Blake Davis (born 1992) is an Australian actor.
Davis' most noted TV roles have been in Tangle (as Max Williams) and Dead Gorgeous (as Jonathan). In 2011, he starred as Richie in the ABC series The Slap, which is based on the 2008 novel by Australian author Christos Tsiolkas. In 2012, Davis appeared in the third season of Tangle.

Since 2015, Davis also has a successful career in real estate.
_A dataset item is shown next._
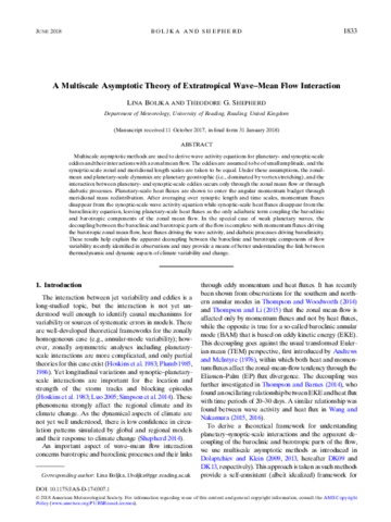 Boljka, L. and Shepherd, T. G. orcid id iconORCID: https://orcid.org/0000-0002-6631-9968 (2018) A multiscale asymptotic theory of extratropical wave–mean flow interaction. Journal of the Atmospheric Sciences, 75 (6). pp. 1833-1852. ISSN 1520-0469 doi: 10.1175/jas-d-17-0307.1

In 2025, he appeared in Selling Sunset (2025), where he met and began dating Emma Hernan.

==Filmography==
- Bringing Our Stories Home (2016) – Gordon Wallace (one episode)
- Pulitzer (2015) – Ian (short film)
- Mr and Mrs Murder (2013) – Rhys (one episode)
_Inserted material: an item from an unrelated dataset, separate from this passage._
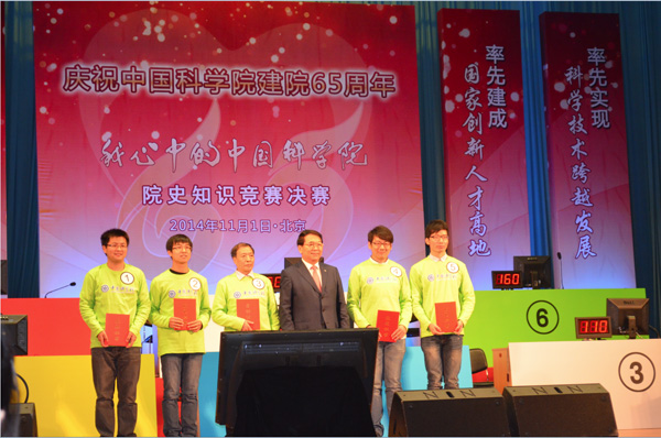 11月1日,加速器中心的丁亚东以预赛满分的成绩进入了决赛。中心团支部积极组织人员到决赛现场参加该活动。在5轮必答题和15道抢答题后,丁亚东所在的绿队最终获得了一等奖,中国科学院院长白春礼为其颁奖。这不仅是他个人所取得的好成绩,同时也是加速器中心的荣誉。
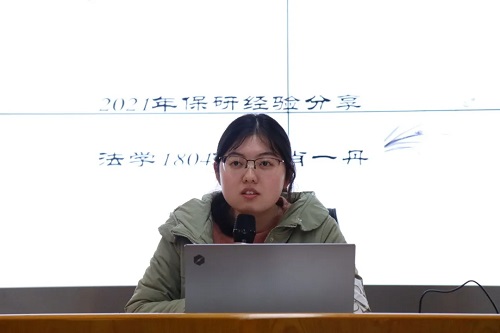 “长风破浪会有时,直挂云帆济沧海。”这是保研至武汉大学民事诉讼法方向的苏靖雯给同学们的寄语。此次交流会中,她主要从保研准备和参营经历两方面进行分享。结合自己的保研经历,她向同学们详细罗列大学各阶段需要准备的材料,同时提醒同学们注重专业课学习、论文和专著阅读。她提醒同学们,只有提高个人实力,才能在参加夏令营与其他高校优秀学生同台竞争时脱颖而出。

- The Wizard (2013) – Cameron (short film)
- Fun City (2013) – John (short film)
- The Slap (2011) – Richie
- The Gidji (2010) – Trent (short film)
- Dead Gorgeous (2010) – Jonathon
- Tangle (2009–2012) – Max Williams
- Lovesick (2009) – Boy (short film)
- Rush (2008) – Daniel (one episode)
- Bed of Roses (2008) – Will (two episodes)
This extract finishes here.